Menselijke tussenkomst
De SCIL wordt altijd afgenomen door een professional binnen de RvdK. Het resultaat helpt bij het inschatten van de situatie, maar een Raadsonderzoeker interpreteert altijd de uitkomst. Zo nodig kan een gedragsdeskundige worden geraadpleegd over de uitkomst.
Risicobeheer
Welke risico’s zijn er?
1. Onjuiste interpretatie: De uitslag kan verkeerd worden beoordeeld
2. Privacy schending: De kans dat de uitslag van de SCIL wordt gedeeld, niet conform de AVG
3. Foutieve inschatting: De SCIL is een indicatie van LVB, geen diagnose
4. Maatschappelijke gevolgen: Een verkeerde inschatting kan impact hebben op jeugdbeschermingsmaatregelen en strafrechtelijke interventies
5. Taalproblemen: De test is niet geschikt voor mensen die onvoldoende Nederlands spreken.

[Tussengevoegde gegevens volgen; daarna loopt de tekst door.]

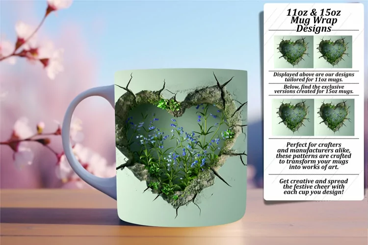 Coffee Cup Sublimation Design 11oz Mug Wrap 15oz Mug Wrap Valentines Mug Wrap 3d Mug Wrap 3d Hole In Wall Sublimation Glossy Sublimation 3d Heart Mug Wrap 3d Heart Sublimation Design

Dit kan tot verkeerde interpretaties leiden
6. Stigma: Mensen kunnen zich onterecht gelabeld voelen.
Hoe worden risico’s beperkt?
1. Raadsmedewerkers krijgen training in het afnemen en interpreteren van de SCIL. De SCIL-score wordt alleen gebruikt als aanvulling op andere informatie.
2.Gegevens over de SCIL-score mogen alleen worden opgeslagen en gedeeld volgens de AVG.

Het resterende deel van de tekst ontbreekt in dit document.